### [Task item]
Without including the pictures, copy each line below exactly as it reads.

### [Given data]
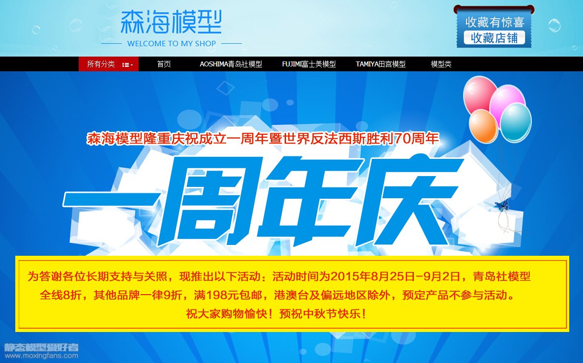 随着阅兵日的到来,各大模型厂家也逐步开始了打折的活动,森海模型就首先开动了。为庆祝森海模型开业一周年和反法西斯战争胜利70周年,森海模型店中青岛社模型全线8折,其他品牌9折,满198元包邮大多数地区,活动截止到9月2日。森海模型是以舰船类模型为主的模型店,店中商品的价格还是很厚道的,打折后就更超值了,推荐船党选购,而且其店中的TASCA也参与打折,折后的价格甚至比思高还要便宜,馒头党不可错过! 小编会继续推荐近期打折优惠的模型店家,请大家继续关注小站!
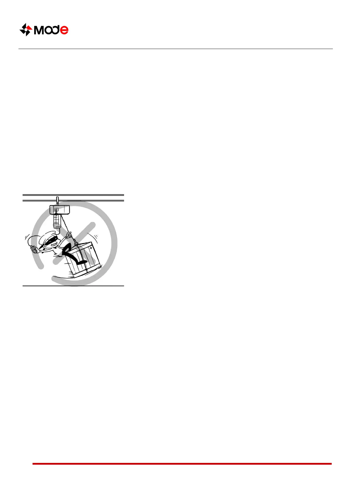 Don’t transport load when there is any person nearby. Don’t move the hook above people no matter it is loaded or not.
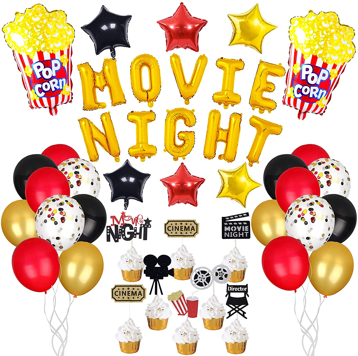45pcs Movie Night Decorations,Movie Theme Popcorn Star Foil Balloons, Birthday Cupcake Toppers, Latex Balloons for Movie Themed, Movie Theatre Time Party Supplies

### [Exercise result]
 随着阅兵日的到来,各大模型厂家也逐步开始了打折的活动,森海模型就首先开动了。为庆祝森海模型开业一周年和反法西斯战争胜利70周年,森海模型店中青岛社模型全线8折,其他品牌9折,满198元包邮大多数地区,活动截止到9月2日。森海模型是以舰船类模型为主的模型店,店中商品的价格还是很厚道的,打折后就更超值了,推荐船党选购,而且其店中的TASCA也参与打折,折后的价格甚至比思高还要便宜,馒头党不可错过! 小编会继续推荐近期打折优惠的模型店家,请大家继续关注小站!
 Don’t transport load when there is any person nearby. Don’t move the hook above people no matter it is loaded or not.
45pcs Movie Night Decorations,Movie Theme Popcorn Star Foil Balloons, Birthday Cupcake Toppers, Latex Balloons for Movie Themed, Movie Theatre Time Party Supplies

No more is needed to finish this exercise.